Подошел к двери Перевалова. Постучал негромко, не привлекая к себе внимания. Внутри послышался кашель и хриплый голос произнес: «Войдите». Вошел, дверь как-то тихо и сама по себе закрылась. Вероятно, она тоже боится беспокоить лишний раз своего владельца. Перевалов не изменил позы с момента их последней встречи, и все также сидел за столом. Запах потушенных окурков вперемешку с бумажной пылью.

– Виктор Александрович, разрешите доложить.

– Говори.

Перевалов давно ждет новостей, позволяющих ему с полной ответственностью покинуть свое рабочее место.

– Поисковая группа обнаружила ребенка, он цел, невредим, и опрошен. Он действительно является сыном сегодняшнего беглеца. Беглец в госпитале, и его состояние ухудшилось к ночи. Есть подозрение, что он может скончаться, он слаб, там помимо нашего, еще много сопутствующих. Я говорил с ним, он полностью вменяем. Вину признает. Вот полный отчет об инциденте и последствиях. Если захотите что-то… чтобы я что-то изменил, я к вашим услугам, моя смена заканчивается в двенадцать.

– Где ребенок?

– Он у меня, уснул в кабинете, сейчас под присмотром. Хотел привести его сюда, но не успел.. Похоже, всю дорогу проделал сам, на это ушло несколько дней, и под стеной сидел неизвестно сколько. Отдохнуть бы ему, помыться, накормиться. Что прикажете с ним делать?

– Черт его знает. Везти его надо домой, что еще с ним сделаешь. Однако… выпускать из виду его нельзя. Особенно, если отец его на тот свет отправится. Докажи им потом, что бегал он у нас тут. Никто же не поверит. Камеры на вышках его не зацепили. Пацан теперь у нас свидетель по делу. Нет, отпускать его нельзя. Но и держать здесь не имеем права. Какой он из себя?

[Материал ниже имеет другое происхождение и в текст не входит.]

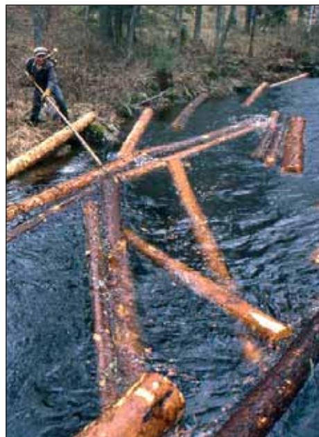
Uittotyöt ovat aina merkittävä tulonlisa vesistön varrella.

Karja kävi metsälaitumilla ja heinä korjattiin luonnonniityiltä. Siihen asti kun Matlaljärvi ja Ryttilampi alkoivat heiniä kasvaamaan, koottiin suuri osa heiniä sydänmaan soista(ita). Olihan se hidasta ja vaikeaa soilta huonosta heinikoista koota. Varsinki kun oli heiniä hajallaan ympäri sydänmaata. Ja talvella kotiin hankkia. Ja niitähan pitää olla melko paljo. Lähes 30 lehmälle usein 5 hevoselle ja lampaille. Vain olihan niitä hevosiakin hakemassa.

– Он…  как бы поточнее… кусачий. Щетинится, если что не по его. Его отец сегодня причитал словно старушка богобоязненная, а он за словом в карман не лезет. С ним надо бы поосторожнее. Знает, что в отца стреляли. Боюсь, назло нам может и лишнего ляпнуть. Умен для своих лет. Таково впечатление первое.

Перевалов задумчиво чесал карандашом затылок. Потом слегка его погрыз. И снова к затылку, и так по кругу. Сосредоточенность его мыслей утяжеляла обстановку. В какой-то момент Лопыреву показалось, что Перевалов в своем подвисании забыл, на чем остановился их разговор, но именно в этот момент он произнес, растягивая паузы между словами:

– Хорошо, Лопырев. Я ознакомлюсь с твоим отчетом и решу, что делать. Пусть пока побудет у тебя. Как проснется – веди его ко мне.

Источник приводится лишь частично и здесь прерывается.